Work request ::
Search the material below for the string "would" and list each line that holds it.

Available data ::
^^^^

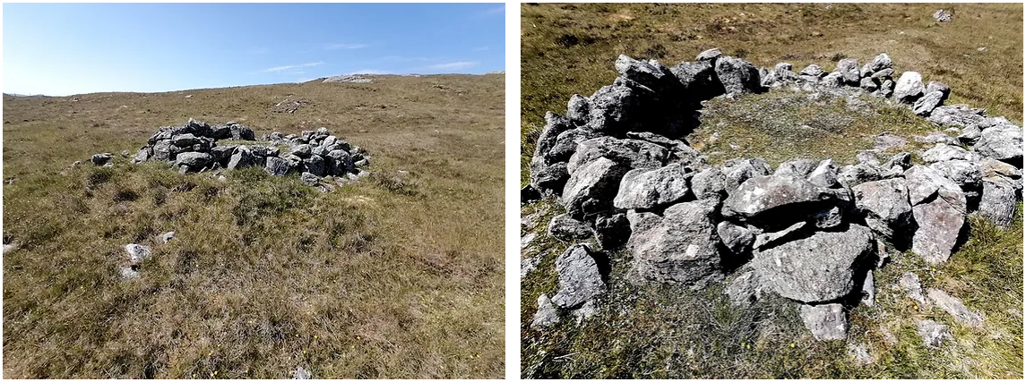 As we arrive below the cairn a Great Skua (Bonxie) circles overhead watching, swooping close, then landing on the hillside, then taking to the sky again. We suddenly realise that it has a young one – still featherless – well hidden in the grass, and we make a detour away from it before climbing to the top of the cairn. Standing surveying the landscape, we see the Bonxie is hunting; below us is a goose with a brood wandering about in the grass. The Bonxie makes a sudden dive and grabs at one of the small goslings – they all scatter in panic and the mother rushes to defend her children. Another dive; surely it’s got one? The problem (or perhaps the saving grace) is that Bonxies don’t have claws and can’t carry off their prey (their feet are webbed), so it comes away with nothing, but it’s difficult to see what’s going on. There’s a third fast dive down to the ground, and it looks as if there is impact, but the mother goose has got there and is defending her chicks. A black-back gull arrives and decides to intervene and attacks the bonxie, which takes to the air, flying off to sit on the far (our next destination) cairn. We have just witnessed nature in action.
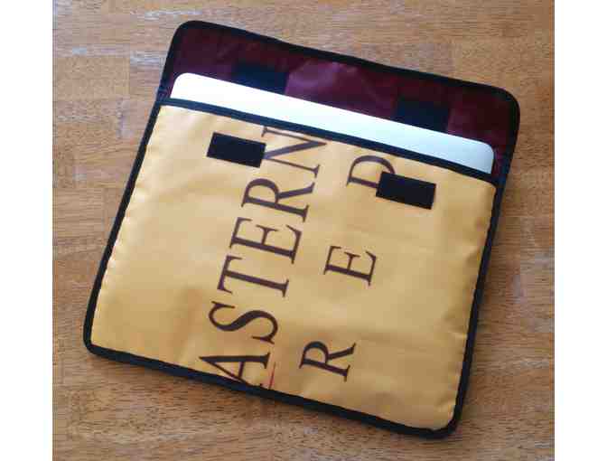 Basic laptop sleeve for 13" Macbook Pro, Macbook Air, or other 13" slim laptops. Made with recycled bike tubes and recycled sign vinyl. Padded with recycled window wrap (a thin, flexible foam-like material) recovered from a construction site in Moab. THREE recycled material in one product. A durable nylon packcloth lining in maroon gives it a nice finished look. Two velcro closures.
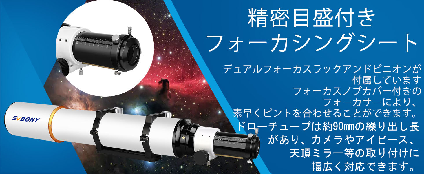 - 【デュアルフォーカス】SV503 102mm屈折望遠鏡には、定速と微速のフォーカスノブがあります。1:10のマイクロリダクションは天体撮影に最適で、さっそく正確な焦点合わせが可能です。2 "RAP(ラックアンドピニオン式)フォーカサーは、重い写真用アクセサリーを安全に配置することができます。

^^^^

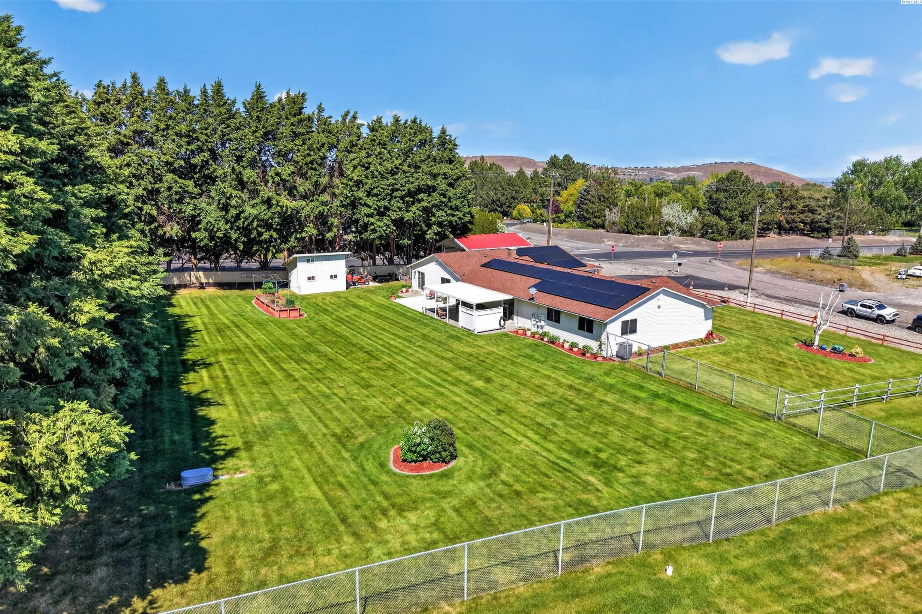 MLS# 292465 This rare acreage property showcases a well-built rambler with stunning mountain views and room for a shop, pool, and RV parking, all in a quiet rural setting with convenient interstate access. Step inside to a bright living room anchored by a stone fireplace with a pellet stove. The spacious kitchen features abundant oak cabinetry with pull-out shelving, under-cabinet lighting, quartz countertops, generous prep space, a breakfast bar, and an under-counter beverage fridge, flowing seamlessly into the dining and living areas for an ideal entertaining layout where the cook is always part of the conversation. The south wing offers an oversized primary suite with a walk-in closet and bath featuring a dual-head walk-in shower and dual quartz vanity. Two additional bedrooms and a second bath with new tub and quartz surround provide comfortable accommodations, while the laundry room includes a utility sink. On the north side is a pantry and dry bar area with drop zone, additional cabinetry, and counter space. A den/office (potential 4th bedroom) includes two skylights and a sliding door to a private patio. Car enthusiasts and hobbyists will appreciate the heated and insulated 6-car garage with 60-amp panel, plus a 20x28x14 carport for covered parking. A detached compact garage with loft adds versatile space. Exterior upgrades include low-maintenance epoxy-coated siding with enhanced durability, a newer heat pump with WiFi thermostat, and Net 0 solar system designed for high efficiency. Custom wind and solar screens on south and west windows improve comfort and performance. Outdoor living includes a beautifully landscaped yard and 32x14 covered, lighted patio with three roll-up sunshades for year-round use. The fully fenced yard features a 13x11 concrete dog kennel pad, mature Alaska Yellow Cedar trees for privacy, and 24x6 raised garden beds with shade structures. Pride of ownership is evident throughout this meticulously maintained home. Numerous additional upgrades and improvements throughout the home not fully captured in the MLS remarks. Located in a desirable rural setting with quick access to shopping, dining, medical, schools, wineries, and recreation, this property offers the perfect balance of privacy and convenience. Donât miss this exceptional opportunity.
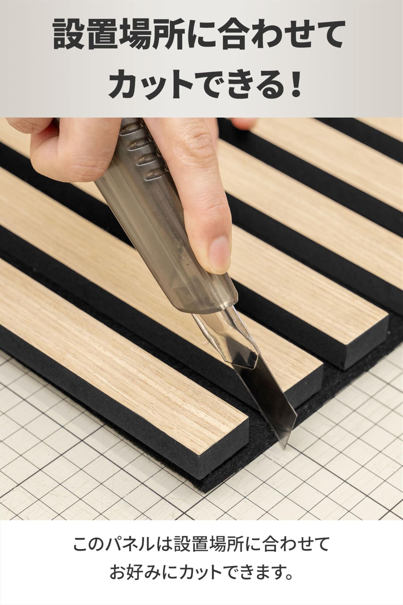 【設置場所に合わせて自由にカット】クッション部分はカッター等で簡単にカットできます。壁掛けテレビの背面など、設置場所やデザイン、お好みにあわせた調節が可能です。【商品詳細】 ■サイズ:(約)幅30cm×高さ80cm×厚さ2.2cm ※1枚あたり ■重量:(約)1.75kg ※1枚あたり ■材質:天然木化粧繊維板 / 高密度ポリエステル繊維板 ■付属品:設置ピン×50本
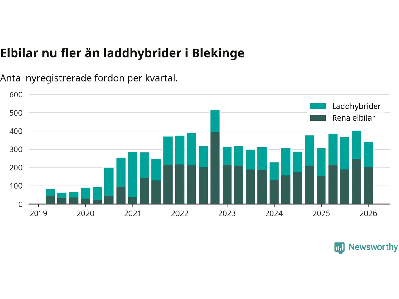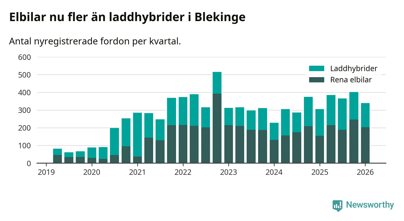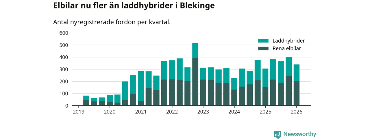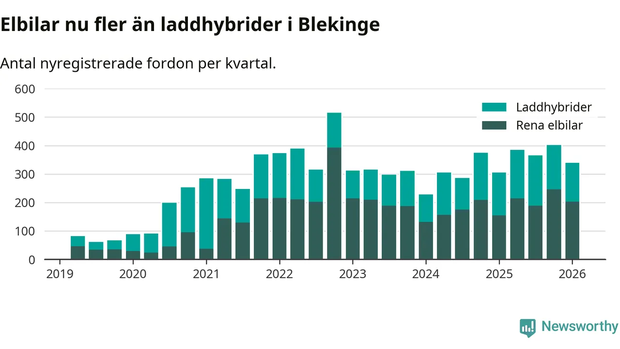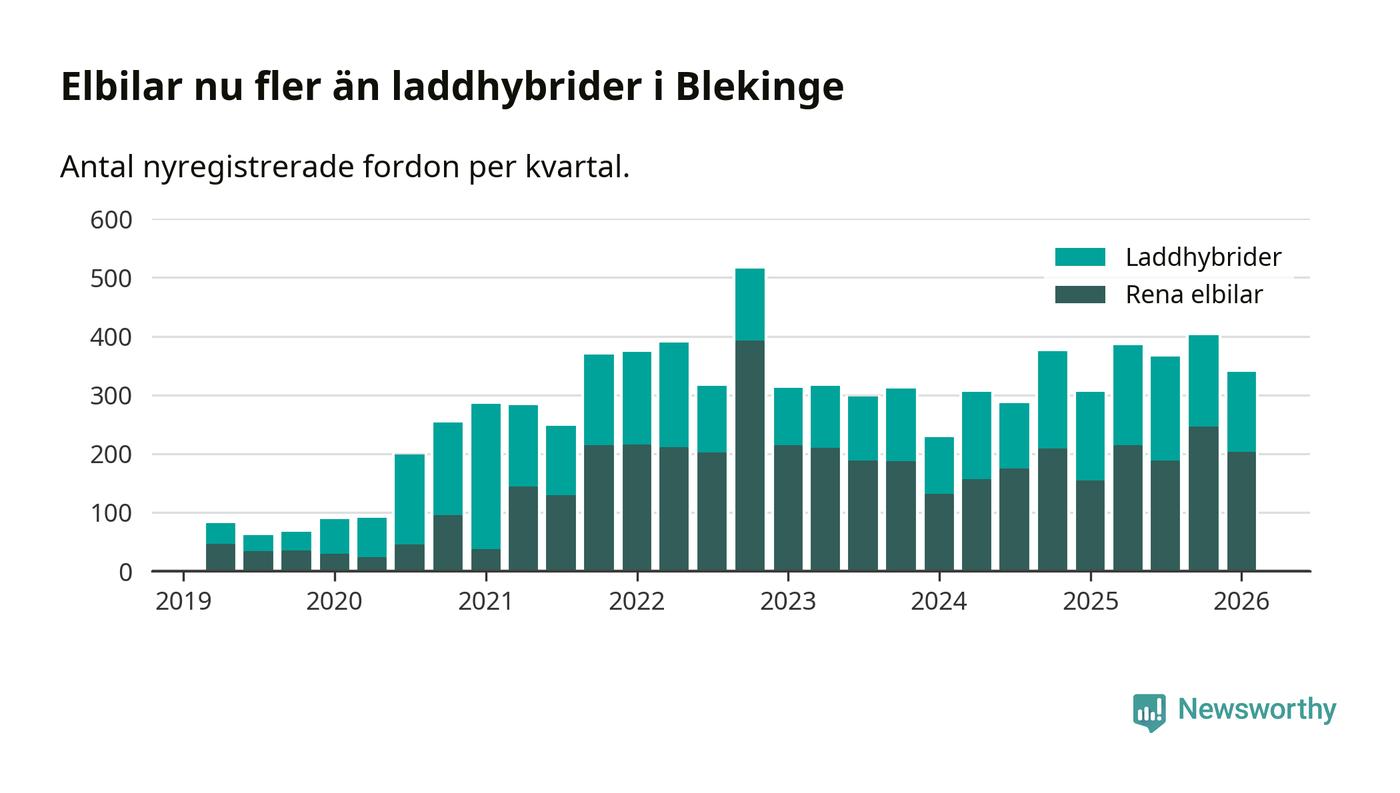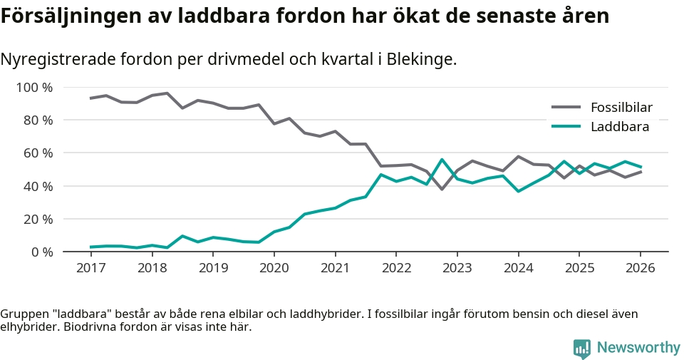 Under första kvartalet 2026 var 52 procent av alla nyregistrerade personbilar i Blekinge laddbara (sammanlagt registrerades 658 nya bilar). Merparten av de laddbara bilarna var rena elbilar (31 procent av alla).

^^^^

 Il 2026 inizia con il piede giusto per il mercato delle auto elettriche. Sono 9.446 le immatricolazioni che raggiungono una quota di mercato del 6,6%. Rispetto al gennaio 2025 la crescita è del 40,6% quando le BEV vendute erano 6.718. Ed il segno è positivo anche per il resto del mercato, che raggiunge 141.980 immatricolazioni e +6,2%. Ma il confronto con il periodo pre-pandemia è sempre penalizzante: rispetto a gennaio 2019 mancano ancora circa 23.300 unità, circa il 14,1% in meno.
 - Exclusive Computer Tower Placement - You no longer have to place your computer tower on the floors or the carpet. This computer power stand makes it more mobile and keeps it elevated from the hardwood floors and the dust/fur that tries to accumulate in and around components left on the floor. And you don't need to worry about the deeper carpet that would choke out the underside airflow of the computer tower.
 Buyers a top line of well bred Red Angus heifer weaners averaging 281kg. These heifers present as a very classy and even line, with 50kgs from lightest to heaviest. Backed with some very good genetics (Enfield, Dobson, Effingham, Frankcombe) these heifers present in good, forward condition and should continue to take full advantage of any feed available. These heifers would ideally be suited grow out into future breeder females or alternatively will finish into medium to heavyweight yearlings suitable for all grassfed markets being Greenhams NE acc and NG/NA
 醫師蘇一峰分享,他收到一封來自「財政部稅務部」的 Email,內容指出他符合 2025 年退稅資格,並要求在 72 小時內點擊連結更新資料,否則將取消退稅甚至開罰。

^^^^

Result ::
 - Exclusive Computer Tower Placement - You no longer have to place your computer tower on the floors or the carpet. This computer power stand makes it more mobile and keeps it elevated from the hardwood floors and the dust/fur that tries to accumulate in and around components left on the floor. And you don't need to worry about the deeper carpet that would choke out the underside airflow of the computer tower.
 Buyers a top line of well bred Red Angus heifer weaners averaging 281kg. These heifers present as a very classy and even line, with 50kgs from lightest to heaviest. Backed with some very good genetics (Enfield, Dobson, Effingham, Frankcombe) these heifers present in good, forward condition and should continue to take full advantage of any feed available. These heifers would ideally be suited grow out into future breeder females or alternatively will finish into medium to heavyweight yearlings suitable for all grassfed markets being Greenhams NE acc and NG/NA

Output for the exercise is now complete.